Achievements and titles
- Olympic finals: London 2012 M4- Tokyo 2020 M8+

Medal record
Men's rowing
Representing the Netherlands
Olympic Games
| Silver medal – second place | 2024 Paris | Eight |
World Championships
| Silver medal – second place | 2019 Ottensheim | Eight |
| Bronze medal – third place | 2022 Račice | Coxless four |
European Championships
| Silver medal – second place | 2018 Glasgow | Eight |
| Silver medal – second place | 2022 Munich | Coxless four |
| Bronze medal – third place | 2013 Seville | Eight |
| Bronze medal – third place | 2017 Račice | Eight |
| Bronze medal – third place | 2019 Lucerne | Eight |
| Bronze medal – third place | 2020 Poznań | Eight |
| Bronze medal – third place | 2021 Varese | Eight |
| Bronze medal – third place | 2023 Bled | Eight |

= Ruben Knab =

Dutch rower (born 1988)

Ruben Knab (born 19 February 1988) is a Dutch representative two-time Olympian rower.
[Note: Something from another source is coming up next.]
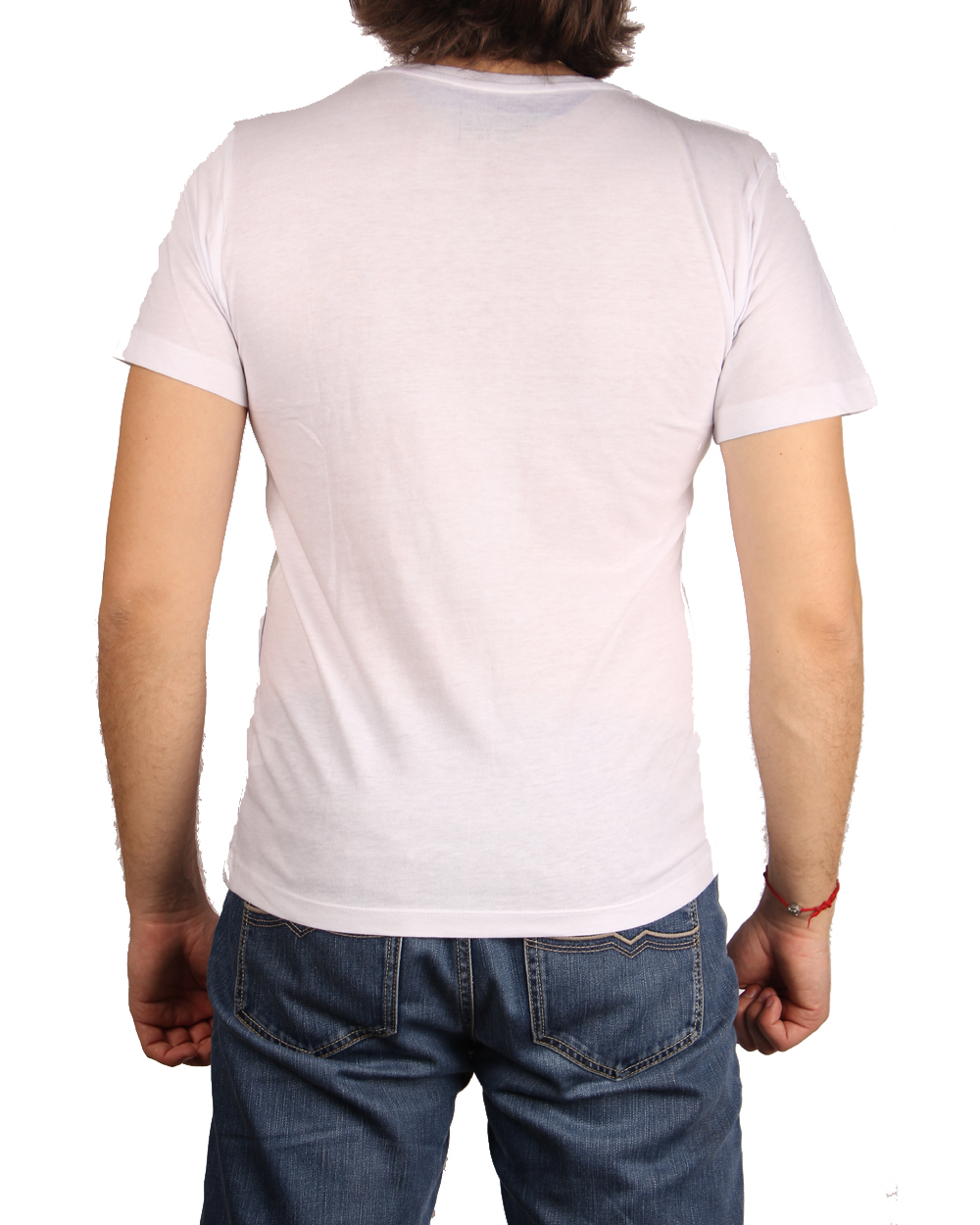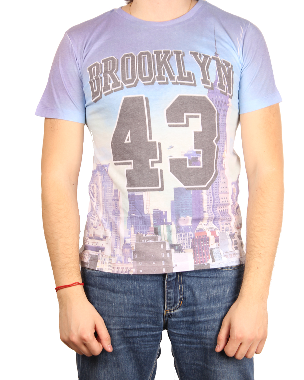 Мужская футболка оригинальной расцветки и принтом с изображением Бруклина. Перед исполнен в бело-фиолетовых цветах. Спинка однотонного белого цвета. Отличное дополнение весенне-летнего гардероба.

He finished fifth in the coxless four at the 2012 Summer Olympics and again finished fifth and at Tokyo 2020 in Dutch heavyweight men's eight.

He won a medal at the 2019 World Rowing Championships. At Tokyo 2020 the Dutch men's eight won their heat, then finished 5th in the A final for an overall fifth placing at the Olympic regatta.